Autrefois omniprésents, les stands de saimin de quartier comme ceux de Shige sont de plus en plus difficiles à trouver aujourd’hui. Et ce magasin est encore plus rare: Un seul autre sur Oahu — Saimin Haven de Shiro à Waimalu – fabrique des nouilles saimin en interne.

En moyenne, Shige’s sert environ 400 bols de saimin par jour, chacun composé des garnitures par excellence: oignons verts hachés, éclats d’œufs brouillés, omble chevalier doux, Spam et une tranche de gâteau de poisson rose et blanc. (Shigeoka préfère son saimin beaucoup plus simple, avec juste des oignons verts et du poivre noir « étouffé ». ») Les clients réguliers ici commandent sans même jeter un coup d’œil aux menus, en ajoutant un hamburger barbecue ou une brochette de bœuf teriyaki grillé sur le côté. Mais la boutique voit de plus en plus de visiteurs, beaucoup à la recherche d’endroits pour manger en route vers la Côte-Nord et d’autres recherchent spécifiquement cet aliment de base local emblématique.

Le Palace Saimin, niché dans une partie industrielle de Kalihi près d’un bar sportif et d’un bureau de poste, voit également de plus en plus de visiteurs, en partie grâce aux médias sociaux. C’est l’un des plus anciens magasins saimin de l’État, ouvert par Kame I en 1946. Le trou dans le mur a été transmis à Setsuko Arakaki, une serveuse de confiance, en 1975, et sa famille continue de le gérer aujourd’hui. Les nouilles sont faites par Sun Noodle, mais le bouillon — un dashi de crevettes secret parfumé au bœuf et au porc qui n’a pas changé depuis l’ouverture de l’endroit — est toujours fabriqué sur place.

« Ce qui rend saimin unique, c’est le fort sentiment de nostalgie associé à ce plat”, explique Susan Nakagawa, la fille d’Arakaki qui gère la boutique. « Il remue des souvenirs, des goûts, des odeurs et des émotions d’une époque plus simple. Nous n’essayons pas d’améliorer notre menu ou nos saveurs. La valeur réside dans la consistance et la familiarité de l’arôme et du goût qui les ramène à un endroit familier. »

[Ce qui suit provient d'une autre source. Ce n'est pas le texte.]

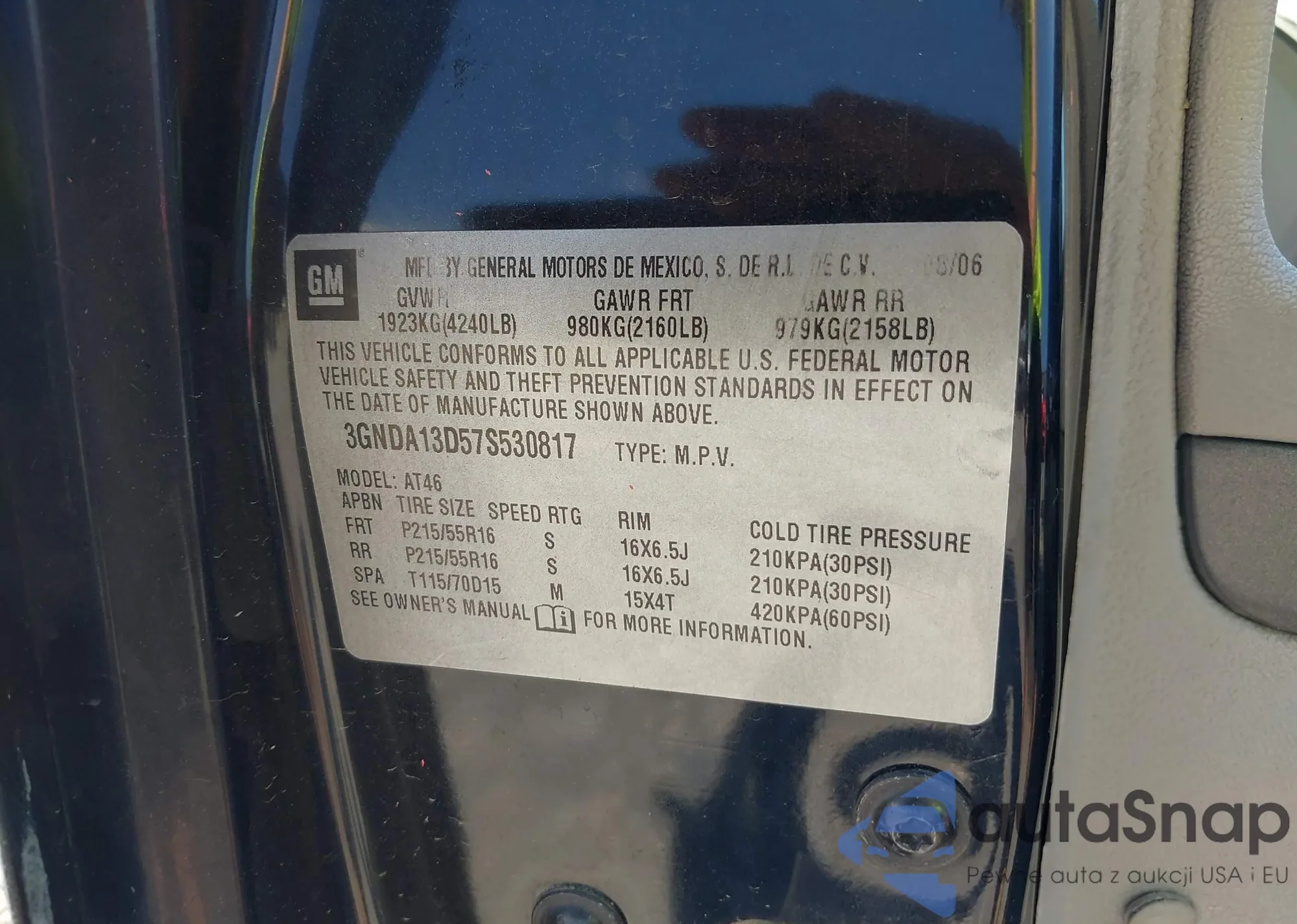 LOT: 42660343 VIN: 3GNDA13D57S530817

C’est la raison pour laquelle BethAn Nishijima a ouvert Nori’s Saimin and Snacks à Hilo sur l’île d’Hawaï en 1983. C’est l’un de ses aliments préférés de tous les temps, ramenant des souvenirs d’enfance de manger du saimin dans des gobelets en papier d’un petit camion de nourriture à Honolulu. Son restaurant, équipé de cabines en bois à l’ancienne, a évolué au fil des décennies pour inclure plus que du saimin. Vous pouvez obtenir des hamburgers, du loco moco, du riz frit au kimchi et une marmite à la coréenne. Mais saimin est toujours le cœur de son entreprise.

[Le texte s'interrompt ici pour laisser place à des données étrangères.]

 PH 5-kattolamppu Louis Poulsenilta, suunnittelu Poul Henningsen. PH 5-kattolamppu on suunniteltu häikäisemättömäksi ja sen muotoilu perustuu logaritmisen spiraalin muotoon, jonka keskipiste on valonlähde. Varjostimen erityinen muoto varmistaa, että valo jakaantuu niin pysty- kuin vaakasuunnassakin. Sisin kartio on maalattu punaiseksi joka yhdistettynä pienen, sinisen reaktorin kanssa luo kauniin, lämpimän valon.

« Comme tout le reste du monde de nos jours, le changement arrive, à tout”, dit Nishijima. « Finalement, les magasins saimin seront rares à cause de l’économie, le coût l’emportant sur les bénéfices. »

Mais elle espère que le boom des ramen, qui a commencé au milieu des années 2000, attire les gens vers les plats de nouilles en général — y compris le saimin.

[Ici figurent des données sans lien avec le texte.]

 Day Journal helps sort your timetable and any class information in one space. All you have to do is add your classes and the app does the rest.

« Je pense qu’il faut commencer par saimin, puis aller aux ramen, et ensuite vous verrez la différence”, dit-elle. « Si vous aimez les nouilles, vous vous en ficherez. Saimin est toujours la manière originale à Hawaii. »

Je regarde Noguchi gober habilement les nouilles glissantes avec une paire de baguettes en bois, les yeux rivés sur le bol devant lui. Il ne lève pas les yeux une seule fois. Pour lui, manger du saimin s’apparente à une expérience religieuse.

 » Le ramen est à la mode, le saimin est la vie”, dit-il. (Il dit toujours.)  » Nous sommes un peuple qui s’accroche à nos histoires. Je fais toujours la nourriture avec laquelle nous avons grandi parce que j’ai toujours un fort sentiment d’appartenance. Il n’y a pas de truffe blanche ou de crabe là-dedans. C’est juste saimin. Voilà qui nous sommes. C’est tellement Hawaii.”

Sur le Côté

(De haut, de gauche à droite) bâtonnets de bœuf barbecue, nouilles, spam, omble chevalier, oignons verts, œuf, kamaboko (gâteau de poisson).
Photo: Aaron K. Yoshino

Chaque grand bol de saimin est vraiment la somme de ses parties. Les garnitures traditionnelles sont le char siu (rôti de porc sucré), le Spam, l’œuf, les oignons verts et le kamaboko (gâteau au poisson). Mais les versions plus récentes peuvent se vanter d’une variété d’autres compléments, y compris wonton (boulettes fourrées au porc), bok choy (un type de chou chinois), germes de soja et daikon. Et n’oubliez pas le côté des brochettes de bœuf barbecue. C’est un mariage classique.